Risk of starting NTP on database server?
I've heard rumors of bad things happening to database and mail servers if you change the system time while they are running. However, I'm having a hard time finding any concrete information on actual risks.
I have a production Postgres 9.3 server running on a Debian Wheezy host and the time is off by 367 seconds. Can I just run ntpdate
or start openntp while Postgres is running, or is that likely to cause an issue? If so, what is a safer method of correcting the time?
Are there other services that are more sensitive to a change in system time? Maybe mail servers (exim, sendmail, etc) or message queues (activemq, rabbitmq, zeromq, etc)?
Solution 1:
Databases don't like backward steps in time, so you don't want to start with the default behavior of jumping the time. Adding the -x
option to the command line will slew the time if the offset is less than 600 seconds (10 minutes). At maximum slew rate it will take about a day and half to adjust the clock by a minute. This is a slow but safe way to adjust the time.
Before running ntp
to adjust the time, you may want start ntp
with a option like -g 2
to verify how large an offset it is detecting. This will set the panic offset to 2 seconds which should be relatively safe.
An alternative option I have used before this option was available was to write a loop that reset the clock back part of second every minute or so. If you check to ensure the reset won't change the second this is likely safe. If you use timestamps heavily, you may have out of sequence records.
A common option is to shutdown the server long enough that there is no backward movement of the clock. ntp
or ntpdate
can be configured to jump the clock to the correct time at start up. This should be done before the database is started.
Solution 2:
Databases can be especially vulnerable to system time changes if they are very active and have timestamps on internal records. In general, if you're time is behind, you'll have much fewer problems if you suddenly jump forward than if you're ahead and suddenly jump backwards.
As Joffrey points out - it's much more often the application that has issues with sudden time jumps than the database itself. The safest way to correct the time is to shut down the application for N+1 minutes (where N is the number of minutes your system clock is ahead) and then sync time, start NTP, and restart the application. If you can't take that much downtime in the application, I can only suggest you take a backup of the database before syncing time, then offer up a dead squirrel to the goda of computerdom and just pull the trigger. Ok, I'm being a bit facetious, but I can't think of any other "safe" way than taking an application outage.
Solution 3:
It is usually not the database server which is vulnerable to error when an instant time leap occurs: its the applications that use the time that are.

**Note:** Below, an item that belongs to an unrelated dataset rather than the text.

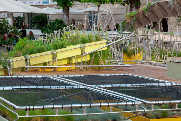 The stage is structured into three distinct zones: an urban garden where fruits and vegetables grow seasonally, inviting public participation; a meadow with tall grasses, offering a sense of nature within the city; and an intimate stage that encourages spontaneous gatherings and performances. By integrating greenery into the urban fabric, the project promotes environmental awareness while enhancing public well-being.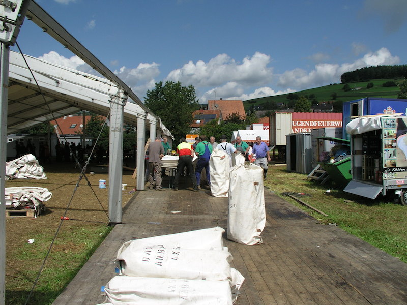 Das Team der Lagerküche um Jürgen Maroni packte die Koch- und Küchenutensilien zusammen und baute das Koch- und Spülzelt ab. Die aktiven Kameraden der Feuerwehr Tengen waren bis zum Abend mit dem Abbau des großen Zelts und weiteren Arbeiten auf dem Lagerplatz beschäftigt.

There are generally two ways of tracking time: own time tracking or comparing system time. Both have some positive and negative tradeoffs.
Own time tracking
I see this used in some embedded programming and systems where exact timing is not that critical. In a main application loop a way of tracking a 'tick' is taken care of. This could be an alarm given by the kernel, sleep or select that gives an indication of the amount of time passed. When you know what time is passed you know you can add or subtract this time to a counter. This counter is what makes your timing application happen. For example, if the counter is higher than 10 seconds you can discard something, or you need to do something.
If the application does not keep track of time, the counter will not change. This could be desired depending on the design of your application. For example, keeping track on how long a long-running process is taking something is handled is easier with a counter than a list of start/stop timestamps.
Pro:
- Not dependent on system clock
- Will not break on a big time skew
- No costly system call
- Small counters will cost less memory than a full timestamp
Con:
- Time is not very accurate
- Change in system time could make it even more inaccurate
- Timing is relative to running the application, does not persist
Comparing system time
This is the system used more often: store a timestamp and compare it with the timestamp using a system time call. Huge skews in the system time could threaten the integrity of your application, a task of a few seconds could take hours or end immediately depending on the direction of the clock.
Pro:
- Accurate time comparison
- Persists over restarts and long outages
Con:
- Takes a system call to get a fresh timestamp to compare with other timestamps
- Application needs to be aware of skews or can break
Affected systems
Most of the applications will use timestamp comparing to schedule tasks. For database systems that could be cache cleanups.
All applications that use a database and call time functions in the query language will be affected by skews if the application does not detect and handle accordingly. Applications could never stop running or allow indefinite login periods depending on its purpose.
Mail systems will use timestamps and/or timeouts for handling stale or undelivered mails. A clock skew could affect that but with a much lesser impact. Back-off timers regarding reconnecting to servers could be missed resulting in penalties on the connecting server.
I do not think (have not researched) that kernel alarms will go off when changing the system time. Systems that use these could be safe.
Solutions
Gently move time. This can be found in documentation of your favorite time solution.